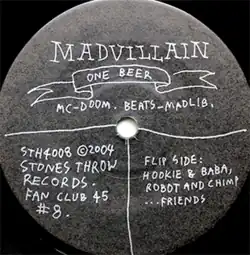 "One Beer" is a song recorded by American hip hop duo Madvillain, originally intended for inclusion on their debut studio album Madvillainy.[1] The song instead ended up being used on MF DOOM's 2004 album Mm..Food, credited to MF DOOM instead of Madvillain.[2] "One Beer" was released as a limited-press 7" single in 2004, given away by select online retailers with copies of Madvillainy.[3] An animated music video was released on 16 November 2018, 14 years after Mm..Food's release.[4]
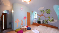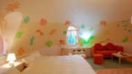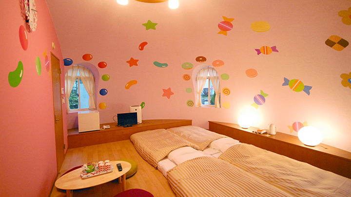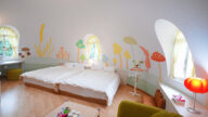 The cute exterior and rooms are inspired by a “mushroom forest.”
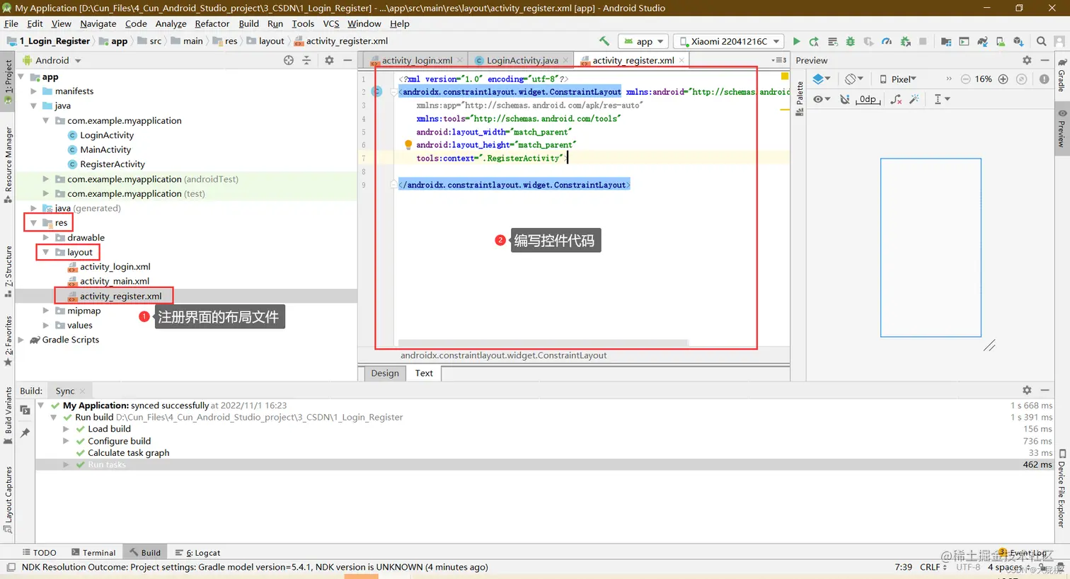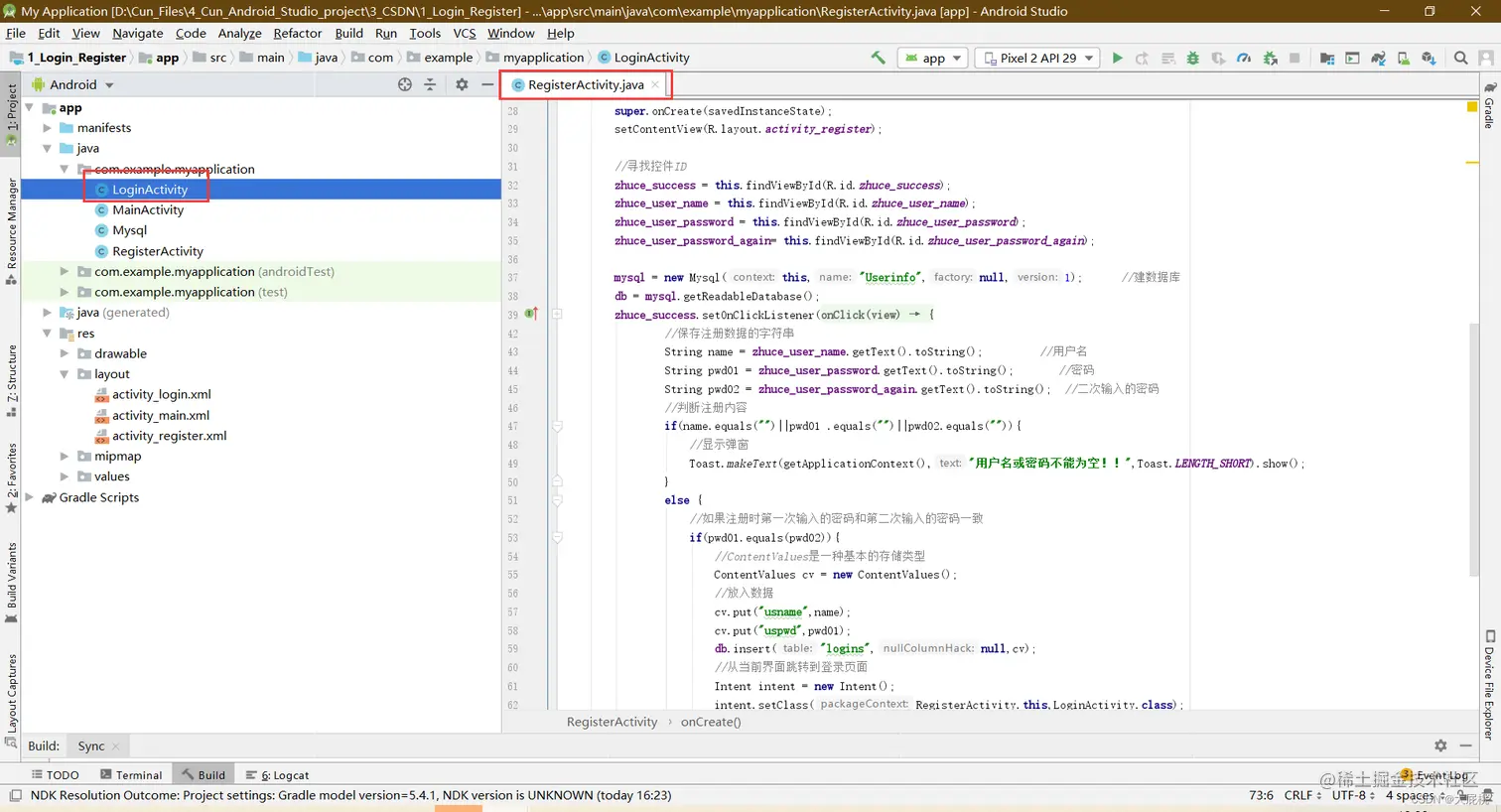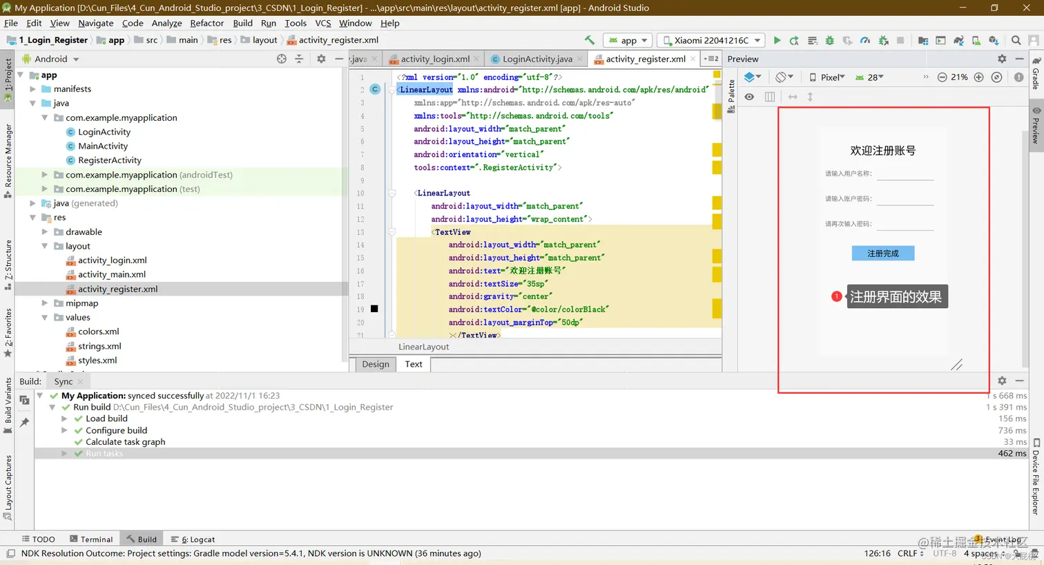 RegisterActivity.java文件替换后的界面

---

EXERCISE BRIEF:
Reproduce every line above exactly as written, omitting the images.

TASK RESPONSE:
 "One Beer" is a song recorded by American hip hop duo Madvillain, originally intended for inclusion on their debut studio album Madvillainy.[1] The song instead ended up being used on MF DOOM's 2004 album Mm..Food, credited to MF DOOM instead of Madvillain.[2] "One Beer" was released as a limited-press 7" single in 2004, given away by select online retailers with copies of Madvillainy.[3] An animated music video was released on 16 November 2018, 14 years after Mm..Food's release.[4]
 The cute exterior and rooms are inspired by a “mushroom forest.”
 RegisterActivity.java文件替换后的界面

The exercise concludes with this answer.